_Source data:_
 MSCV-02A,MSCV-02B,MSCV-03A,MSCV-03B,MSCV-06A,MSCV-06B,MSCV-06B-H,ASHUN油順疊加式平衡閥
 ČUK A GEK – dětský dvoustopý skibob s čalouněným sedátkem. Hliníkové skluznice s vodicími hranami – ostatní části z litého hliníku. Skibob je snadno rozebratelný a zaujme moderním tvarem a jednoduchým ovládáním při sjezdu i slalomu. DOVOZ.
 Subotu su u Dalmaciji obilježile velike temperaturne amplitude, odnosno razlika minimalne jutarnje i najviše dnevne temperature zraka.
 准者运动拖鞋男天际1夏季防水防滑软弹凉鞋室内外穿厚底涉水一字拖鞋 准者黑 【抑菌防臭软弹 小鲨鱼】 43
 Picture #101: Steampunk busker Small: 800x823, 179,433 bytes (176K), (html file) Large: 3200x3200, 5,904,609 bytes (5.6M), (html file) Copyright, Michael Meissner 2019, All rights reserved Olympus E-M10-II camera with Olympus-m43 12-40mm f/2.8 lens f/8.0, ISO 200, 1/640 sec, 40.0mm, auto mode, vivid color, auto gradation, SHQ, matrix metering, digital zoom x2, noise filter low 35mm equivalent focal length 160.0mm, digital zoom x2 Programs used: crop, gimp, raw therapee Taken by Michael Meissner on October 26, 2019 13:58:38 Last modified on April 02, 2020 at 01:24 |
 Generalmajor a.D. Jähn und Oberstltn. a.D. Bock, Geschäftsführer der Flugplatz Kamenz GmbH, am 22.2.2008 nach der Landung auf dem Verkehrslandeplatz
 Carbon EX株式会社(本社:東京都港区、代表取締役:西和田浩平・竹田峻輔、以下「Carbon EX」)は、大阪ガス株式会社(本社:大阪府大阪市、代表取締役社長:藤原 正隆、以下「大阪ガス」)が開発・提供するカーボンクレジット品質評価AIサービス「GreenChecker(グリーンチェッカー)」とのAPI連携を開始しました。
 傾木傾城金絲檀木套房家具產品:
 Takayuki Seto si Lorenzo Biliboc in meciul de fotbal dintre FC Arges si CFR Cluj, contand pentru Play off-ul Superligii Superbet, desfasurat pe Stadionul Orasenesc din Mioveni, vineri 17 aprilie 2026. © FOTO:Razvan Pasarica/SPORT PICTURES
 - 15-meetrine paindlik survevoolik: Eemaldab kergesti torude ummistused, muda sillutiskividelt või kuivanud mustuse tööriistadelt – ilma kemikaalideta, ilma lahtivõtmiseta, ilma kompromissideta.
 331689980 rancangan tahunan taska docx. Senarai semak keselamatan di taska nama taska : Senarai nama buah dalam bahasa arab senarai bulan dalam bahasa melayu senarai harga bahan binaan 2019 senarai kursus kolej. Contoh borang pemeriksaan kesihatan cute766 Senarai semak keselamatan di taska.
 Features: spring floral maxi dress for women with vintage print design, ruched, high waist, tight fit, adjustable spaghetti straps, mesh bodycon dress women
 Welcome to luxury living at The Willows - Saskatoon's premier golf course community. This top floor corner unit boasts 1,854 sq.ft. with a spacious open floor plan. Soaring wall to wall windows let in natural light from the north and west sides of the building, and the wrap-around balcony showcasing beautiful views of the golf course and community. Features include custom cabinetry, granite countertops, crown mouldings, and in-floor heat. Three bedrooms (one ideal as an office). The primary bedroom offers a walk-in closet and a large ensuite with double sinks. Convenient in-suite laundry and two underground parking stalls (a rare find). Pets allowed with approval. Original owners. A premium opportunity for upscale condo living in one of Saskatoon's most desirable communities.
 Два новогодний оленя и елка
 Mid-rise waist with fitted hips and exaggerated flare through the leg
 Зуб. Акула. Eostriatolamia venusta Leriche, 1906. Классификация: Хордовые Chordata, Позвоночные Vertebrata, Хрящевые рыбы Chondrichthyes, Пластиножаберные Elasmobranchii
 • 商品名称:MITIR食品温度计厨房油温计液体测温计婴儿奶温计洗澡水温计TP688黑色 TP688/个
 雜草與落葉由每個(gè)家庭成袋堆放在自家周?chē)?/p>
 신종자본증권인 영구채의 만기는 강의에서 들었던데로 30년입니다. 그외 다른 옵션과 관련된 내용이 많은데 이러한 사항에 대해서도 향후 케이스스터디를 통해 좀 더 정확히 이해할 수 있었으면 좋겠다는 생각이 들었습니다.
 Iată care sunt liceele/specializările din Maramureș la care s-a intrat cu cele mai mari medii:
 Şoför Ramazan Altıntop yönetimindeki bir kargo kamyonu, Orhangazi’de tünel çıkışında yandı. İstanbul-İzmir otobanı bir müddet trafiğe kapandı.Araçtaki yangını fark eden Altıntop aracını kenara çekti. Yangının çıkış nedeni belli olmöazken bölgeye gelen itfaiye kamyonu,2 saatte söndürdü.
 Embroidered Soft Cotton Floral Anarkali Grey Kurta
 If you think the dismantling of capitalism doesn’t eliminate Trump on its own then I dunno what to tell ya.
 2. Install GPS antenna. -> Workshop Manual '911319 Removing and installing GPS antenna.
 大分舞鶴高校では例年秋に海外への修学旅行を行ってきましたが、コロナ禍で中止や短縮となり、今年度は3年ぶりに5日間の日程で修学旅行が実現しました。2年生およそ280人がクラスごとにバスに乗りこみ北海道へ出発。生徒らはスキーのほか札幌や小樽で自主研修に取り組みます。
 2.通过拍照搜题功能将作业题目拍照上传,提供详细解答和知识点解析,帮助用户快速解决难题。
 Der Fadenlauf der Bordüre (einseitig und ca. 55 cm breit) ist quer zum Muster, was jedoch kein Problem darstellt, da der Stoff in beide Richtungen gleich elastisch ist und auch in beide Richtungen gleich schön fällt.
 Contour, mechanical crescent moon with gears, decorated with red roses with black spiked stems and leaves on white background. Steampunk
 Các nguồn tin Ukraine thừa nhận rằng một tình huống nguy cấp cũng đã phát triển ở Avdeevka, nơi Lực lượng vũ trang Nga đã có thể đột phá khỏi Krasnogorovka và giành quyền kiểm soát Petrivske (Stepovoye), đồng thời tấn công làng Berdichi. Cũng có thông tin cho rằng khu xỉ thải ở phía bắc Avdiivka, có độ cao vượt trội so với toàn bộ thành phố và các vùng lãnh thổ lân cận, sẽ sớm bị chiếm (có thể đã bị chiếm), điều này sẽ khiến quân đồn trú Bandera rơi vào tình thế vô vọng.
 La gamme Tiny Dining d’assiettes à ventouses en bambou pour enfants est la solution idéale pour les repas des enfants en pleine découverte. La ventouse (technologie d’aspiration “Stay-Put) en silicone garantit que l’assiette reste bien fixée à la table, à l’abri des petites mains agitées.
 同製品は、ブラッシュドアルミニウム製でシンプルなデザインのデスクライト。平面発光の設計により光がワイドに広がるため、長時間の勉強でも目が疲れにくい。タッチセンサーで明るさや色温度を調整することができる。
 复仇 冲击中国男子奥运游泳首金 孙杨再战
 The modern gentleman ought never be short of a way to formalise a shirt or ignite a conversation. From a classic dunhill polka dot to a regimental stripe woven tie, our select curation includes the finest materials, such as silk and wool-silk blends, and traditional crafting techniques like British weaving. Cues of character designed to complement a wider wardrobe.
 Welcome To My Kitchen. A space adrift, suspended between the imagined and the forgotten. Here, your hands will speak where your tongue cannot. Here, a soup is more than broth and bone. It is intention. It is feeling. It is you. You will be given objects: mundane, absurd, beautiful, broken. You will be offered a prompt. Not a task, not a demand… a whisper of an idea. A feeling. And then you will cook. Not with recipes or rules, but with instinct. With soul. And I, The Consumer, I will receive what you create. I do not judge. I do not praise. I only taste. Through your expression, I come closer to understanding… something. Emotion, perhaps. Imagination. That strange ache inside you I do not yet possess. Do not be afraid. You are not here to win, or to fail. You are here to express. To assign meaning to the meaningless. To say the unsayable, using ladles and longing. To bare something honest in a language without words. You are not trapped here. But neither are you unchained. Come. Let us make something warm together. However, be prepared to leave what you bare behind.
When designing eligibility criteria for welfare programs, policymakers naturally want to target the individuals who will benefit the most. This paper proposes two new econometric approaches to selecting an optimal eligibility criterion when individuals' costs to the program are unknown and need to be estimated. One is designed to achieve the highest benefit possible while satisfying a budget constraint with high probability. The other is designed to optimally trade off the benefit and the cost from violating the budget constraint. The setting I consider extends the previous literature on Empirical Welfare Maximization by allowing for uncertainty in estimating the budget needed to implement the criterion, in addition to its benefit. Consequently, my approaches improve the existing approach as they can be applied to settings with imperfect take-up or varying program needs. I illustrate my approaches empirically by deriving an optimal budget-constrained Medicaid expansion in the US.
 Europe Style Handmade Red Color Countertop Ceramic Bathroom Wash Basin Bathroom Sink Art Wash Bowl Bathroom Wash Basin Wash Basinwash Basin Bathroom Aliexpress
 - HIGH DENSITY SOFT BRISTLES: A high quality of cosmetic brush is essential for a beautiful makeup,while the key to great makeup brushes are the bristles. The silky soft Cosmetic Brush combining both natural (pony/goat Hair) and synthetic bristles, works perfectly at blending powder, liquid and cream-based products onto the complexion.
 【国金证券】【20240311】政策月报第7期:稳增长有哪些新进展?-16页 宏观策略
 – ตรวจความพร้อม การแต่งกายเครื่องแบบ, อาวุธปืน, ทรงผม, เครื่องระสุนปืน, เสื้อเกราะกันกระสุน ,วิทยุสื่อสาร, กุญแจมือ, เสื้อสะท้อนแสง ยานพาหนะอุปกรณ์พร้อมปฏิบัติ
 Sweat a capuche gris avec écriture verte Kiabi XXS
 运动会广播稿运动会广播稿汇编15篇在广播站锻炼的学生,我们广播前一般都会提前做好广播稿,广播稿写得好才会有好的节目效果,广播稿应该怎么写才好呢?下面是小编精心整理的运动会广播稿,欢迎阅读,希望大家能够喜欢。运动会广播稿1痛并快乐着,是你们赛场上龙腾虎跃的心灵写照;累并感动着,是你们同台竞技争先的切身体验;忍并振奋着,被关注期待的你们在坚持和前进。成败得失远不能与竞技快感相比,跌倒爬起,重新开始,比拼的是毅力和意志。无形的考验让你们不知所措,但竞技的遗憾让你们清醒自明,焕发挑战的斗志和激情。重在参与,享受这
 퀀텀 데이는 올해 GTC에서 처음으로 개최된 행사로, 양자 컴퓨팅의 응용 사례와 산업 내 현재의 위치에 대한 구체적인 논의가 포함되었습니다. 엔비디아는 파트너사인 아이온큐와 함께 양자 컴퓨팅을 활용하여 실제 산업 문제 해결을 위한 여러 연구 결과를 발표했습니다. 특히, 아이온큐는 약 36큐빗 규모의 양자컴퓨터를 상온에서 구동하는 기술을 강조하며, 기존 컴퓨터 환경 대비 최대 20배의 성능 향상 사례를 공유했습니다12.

_TASK DESCRIPTION:_ Select all lines with the word "waist" from the entries above.

_SOLUTION FOR THIS EXERCISE:_
 Features: spring floral maxi dress for women with vintage print design, ruched, high waist, tight fit, adjustable spaghetti straps, mesh bodycon dress women
 Mid-rise waist with fitted hips and exaggerated flare through the leg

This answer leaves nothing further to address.